--- EXERCISE REQUIREMENTS ---
Look below for the line holding "Fig 7.4.15 –" and the line holding "This important statement". Repeat those two and everything between, exactly.

--- RECORD SET ---

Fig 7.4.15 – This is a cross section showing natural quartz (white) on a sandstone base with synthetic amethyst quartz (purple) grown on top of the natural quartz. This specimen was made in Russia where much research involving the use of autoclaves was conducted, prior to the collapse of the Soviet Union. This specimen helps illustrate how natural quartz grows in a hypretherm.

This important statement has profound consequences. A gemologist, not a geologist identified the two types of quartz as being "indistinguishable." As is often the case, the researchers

--

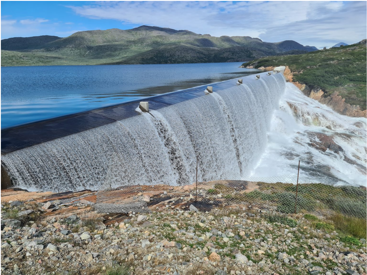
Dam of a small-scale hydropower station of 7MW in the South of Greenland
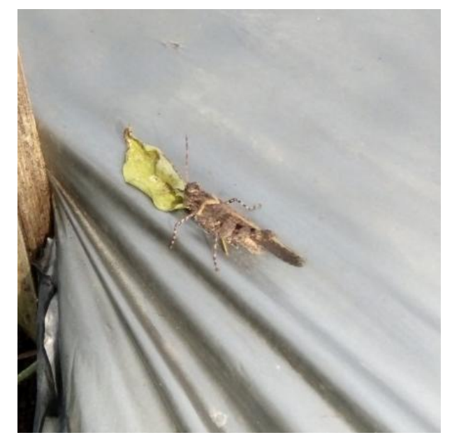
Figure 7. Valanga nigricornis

--- EXPECTED OUTPUT ---
Fig 7.4.15 – This is a cross section showing natural quartz (white) on a sandstone base with synthetic amethyst quartz (purple) grown on top of the natural quartz. This specimen was made in Russia where much research involving the use of autoclaves was conducted, prior to the collapse of the Soviet Union. This specimen helps illustrate how natural quartz grows in a hypretherm.

This important statement has profound consequences. A gemologist, not a geologist identified the two types of quartz as being "indistinguishable." As is often the case, the researchers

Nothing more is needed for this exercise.